About 10 minutes before the end of my boil I put my immersion chiller into the kettle to ensure it is sanitized. I also prepare a large Rubbermaid container with 2-3 bags of ice, water, and my hose coiled in the bottom (to connect to the chiller at the end of the boil).

If I am concerned about the clarity of the beer, I will also add some Irish Moss to the last 10 minutes of the boil.

Step 5: Cooling and Fermenting

Once the boil done, I put the boil kettle directly into the above mentioned ice bath, connect the chiller to the hose, and turn the water on.

This is by far the most annoying step of the process. I can never cool my beer fast enough or cold enough it seems.  This step usually takes me about 20-30 minutes to get the beer down to 80 degrees (and I would like the wort about 10 degrees cooler). While the cooling is happening, I sanitize my fermentation bucket and all tools I might need to transfer the beer (hydrometer, lid, airlock).

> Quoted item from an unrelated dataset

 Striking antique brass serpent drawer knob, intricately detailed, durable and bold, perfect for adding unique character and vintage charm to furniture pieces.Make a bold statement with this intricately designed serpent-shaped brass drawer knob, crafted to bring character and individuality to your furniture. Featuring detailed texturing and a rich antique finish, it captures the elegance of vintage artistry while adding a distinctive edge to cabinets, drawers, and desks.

I then pour the beer into the fermentation bucket.  I do not do any sort of filtering. I used to stir vigorously for a few minutes to oxygenate the wort but stopped because I came to the conclusion that pouring the beer into the bucket was enough (I am probably wrong).

Now I pitch the yeast, seal the bucket with lid and airlock and let it ferment. I usually ferment for a minimum of 2 weeks.  I will transfer to a secondary carboy if I have the time and motivation.  Beers are noticeably clearer when I do this.

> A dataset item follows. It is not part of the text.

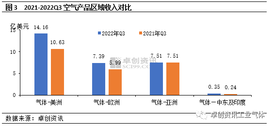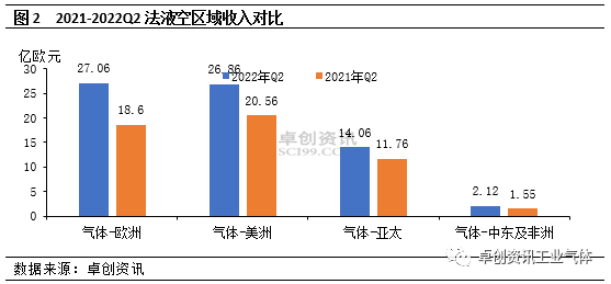 法液空:從各區(qū)域氣體服務收入來看,歐洲地區收入為27.06億(yì)歐元(yuán),同比增長45.5%,主要受能源價格高漲影響,通用工業領域氣體產品價格(gé)上升,並抵消了大工(gōng)業方麵(miàn)的(de)收入下降。此外,醫療保健領(lǐng)域收入繼(jì)續增加;美洲地區收入為26.86億歐(ōu)元,同比增長30.6%,一方麵受需求平穩及新設備投產支撐;另一方麵,通用工業(yè)領域產品價格提升。此外,電子行業需求強勁(jìn)已(yǐ)形成明顯支撐。亞太地區收入為14.06億歐元,同比增長(zhǎng)19.6%,主要得益於電子行業的需求支撐,中國因特殊(shū)態勢影響,大工業方麵表現欠佳。中東及非(fēi)洲地區收入為2.12億歐元,同比增長36.8%,主要因為埃及地區鋼鐵對(duì)氧氣的需求強勁以及沙特局部氫氣需求增加支撐。

Most of my fermentations do not look this good.

Step 6: Kegging

After about 2 weeks, up to a month, I use an siphon to move the beer into a sanitized keg.

Once kegged, I wait at least a week to try my beer.  I have noticed that beers seems to "mature" at about 3 months though.  I am not sure if this is from drinking the beer and getting rid of any sediment or if there is a process that takes place in the keg that actually changes the taste.

Step 7: Cleaning

When I kick a keg, I generally rinse the keg out.  Then add some cleanser to the keg and shake vigorously. I then connect the keg back to the line it was connected to and run the cleanser through the beer lines and tap. Then the keg gets emptied and I follow that same process with sanitizier. At the end, I leave the sanitizer in the beer line to prevent anything from growing. I empty the keg and keep it in a clean place for use whenever my fermentation is done.

Next Steps

There are a few directions I think I need to go but am undecided on which to do first.

  • Get a hop filter so that all the boiled hops can be taken out of the wort before fermentation
  • Get a conical fermenter so that I can remove the trub at the end of fermentation without the need for a secondary.
  • Save up and buy/build a full brew system with fancy pumps and everything.  I could probably do this in stages (build the frame first, then burners, then pump(s), etc.)
  • Get a plate chiller for faster cooling
  • Start making yeast starters (I did this for a while, seemingly without much success/impact).
  • Get more people to drink my beer so I can brew more often.